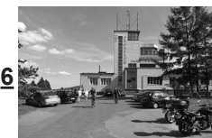
6 Bielsko-Biała – Lotnisko w Aleksandrowicach ul. Cieszyńska 321; 1934-1936 r.
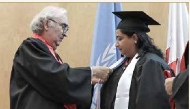
تكريم الشخة رنا بنت عيسى في حفل بمقر الأمم المتحدة في جنيف (07)

جامعة السلام تمنح درجة الدكتوراه الفخرية للشيخة رنا بنت عيسى
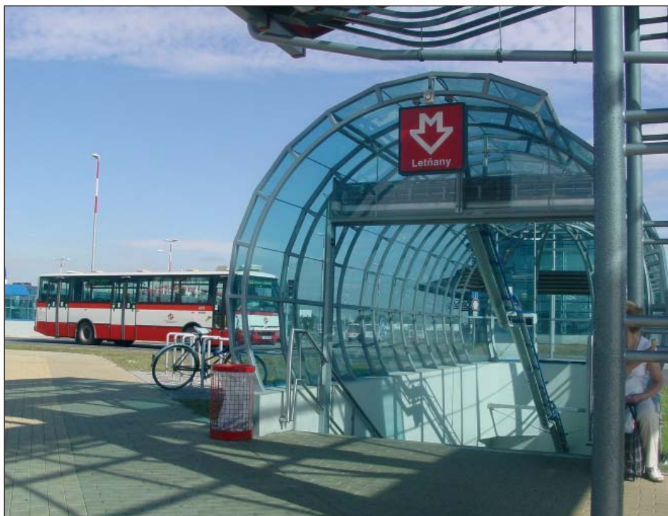
V letošním roce poprvé došlo k zásadním změnám v jízdních řádech v souvislosti s otevřením nové stanice metra v Letňanech. Stejně jako v jiných začátcích, i zde se projeví první nedostatky, a tak po čtyřech měsících provozu dochází k další úpravě jízdního řádu.
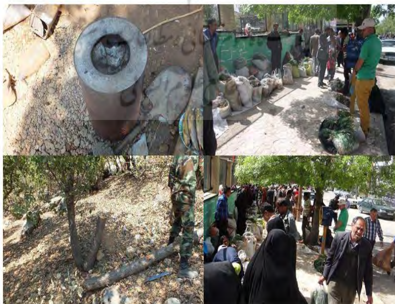
شکل ۲. بهره‌برداری از گیاهان کوهی و تهیه زغال در سکونتگاه‌های مورد مطالعه

تخریب منابع محیط طبیعی در میان ساکنان روستاهای پیرامون شهر یاسوج بیشتر به‌صورت جمع‌آوری گیاهان خوراکی، دامی و طبی است که برای مصرف خانگی و فروش برای کسب درآمد است. یکی از روش‌هایی که با استفاده از آن ساکنان این روستاها خواسته یا ناخواسته سبب تخریب محیط می‌شوند، قطع درختان (برای زغال و پخت‌وپز) است. برداشت بی‌رویه و غیراصولی گیاهان کوهی در کهگیلویه و بویراحمد برای فروش و کسب درآمد بسیاری از این گیاهان بازارش را ریشه‌کن کرده است. به‌نظر می‌رسد فقر اقتصادی خانوارها مهم‌ترین عامل بهره‌برداری بی‌رویه از گیاهان کوهی در روستاهای مورد مطالعه است. از دیگر مواردی که سبب تخریب محیط‌زیست می‌شود، قطع درختان جنگلی برای تهیه زغال است.
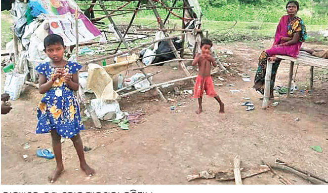
ବାଟ୍ୟାରେ ନଷ୍ଟ ହୋଇଯାଇଥିବା କୁଡ଼ିଆ।
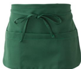
Z49 Verde scuro
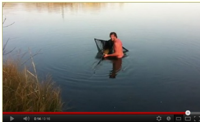
Check hierboven het filmpje van "de dappere duiker!!"
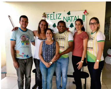
MONITORAMENTO MUNICIPAL NOS CRAS
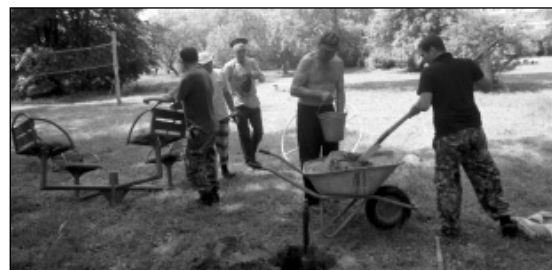
Идут работы по установке детского игрового комплекса.
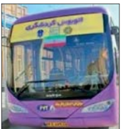
اتوبوس قبل و پس از تعطیلی

۱ ۲ ۳ ۴ ۵ ۶ ۷ ۸ ۹ ۱۰ ۱۱ ۱۲ ۱۳ ۱۴ ۱۵ ۱ د س ت ب ر د ل م ی ک ر د ش ت م ۲ ن ا ر ی ب ا ب ا ز م ش ت ی ۳ م ر ج ر ی د م د م ا ر ش ا ی ۴ ک ی ر ا ر ی د م د ز ف و ل ج ۵ م و ا ر د ی س ی ا د ک و ل ع ۶ ج ر ب م ن ا د ا ر ا خ ل ا م ی ۷ ن ش ط ا ه ر د س ت ر ی م ی ر ج ۸ ا ب ر د ر ک ل ی د ی ر ا ر ی ج ۹ ر ق م ی ن و ی ن و و ل ج ۱۰ ا ی ن ی ک ا ا ر ت ج ا م ج ی ۱۱ ن ه ی ر م ی ت ر ا و ن د ۱۲ م ز ا ب ن ه ر ی و س ت ا ۱۳ ه م ز ا ب ن ج و ا ن ا ر ی ۱۴ ن ک ر ش ک پ ی ا ن و س ر ا ن ۱۵ د ر ت ف ا ر ر و ی ن ک
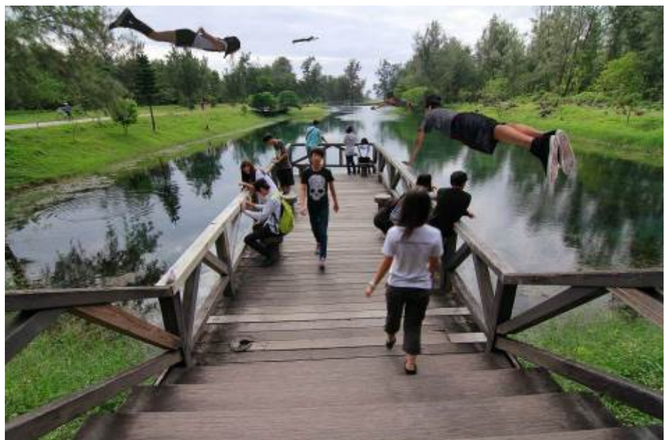
3. 未來生活飛行系列之森林公園琵琶湖
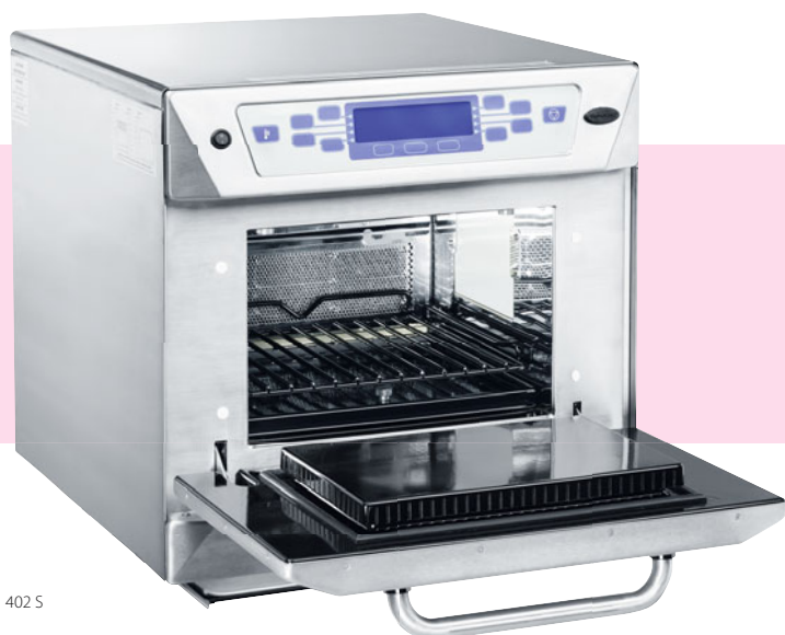
Merrychef 402 S
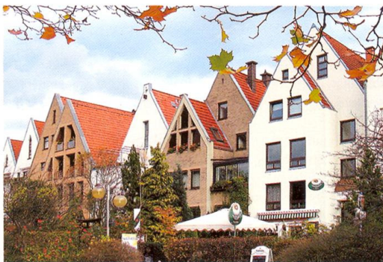
In der Altstadt von Bad Salzuflen orientieren sich die neuen Häuser an der historisch überlieferten Parzellenstruktur.

Djahanschah: Die westfälische Architektur gibt es nicht, sehr wohl aber westfälische Architekturen. Wir haben in Westfalen ganz unterschiedliche Kulturlandschaften mit unterschiedlich gepräg-
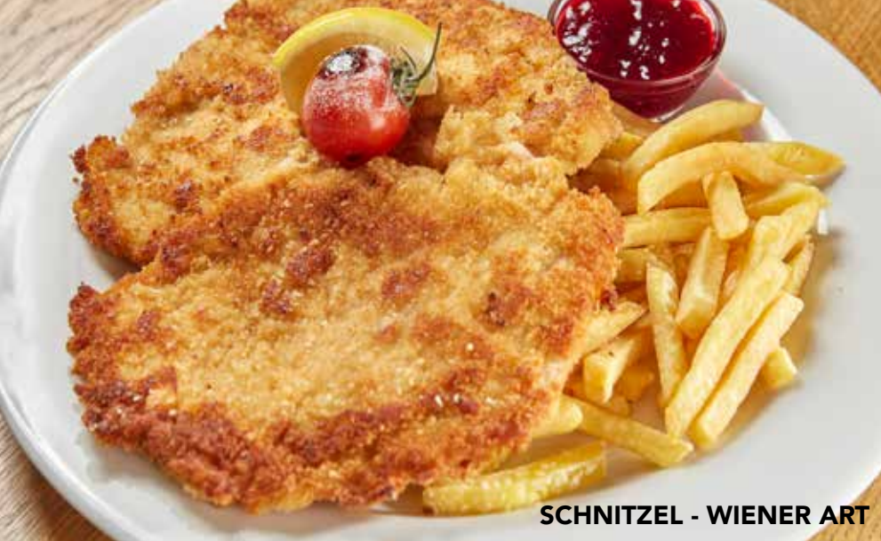
SCHNITZEL - WIENER ART
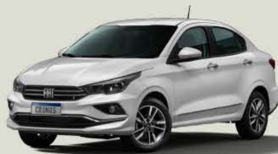
534 - Blanco Alaska
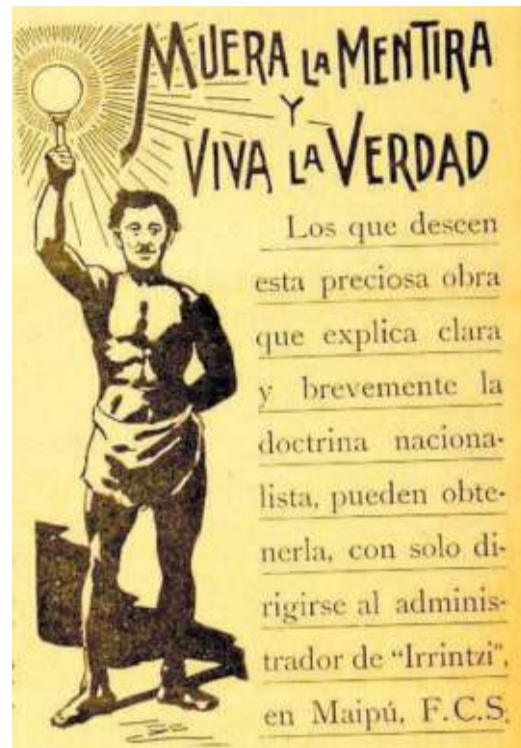
Propaganda de Ami Vasco en 'Irrintzi' (1908)
^^^^
### TASK BRIEF
Beginning with the line containing "Djahanschah: Die westfälische" and ending with the last line of the listing above, output those lines exactly as written, without pictures.

### RESPONSE AREA
Djahanschah: Die westfälische Architektur gibt es nicht, sehr wohl aber westfälische Architekturen. Wir haben in Westfalen ganz unterschiedliche Kulturlandschaften mit unterschiedlich gepräg-
SCHNITZEL - WIENER ART
534 - Blanco Alaska
Propaganda de Ami Vasco en 'Irrintzi' (1908)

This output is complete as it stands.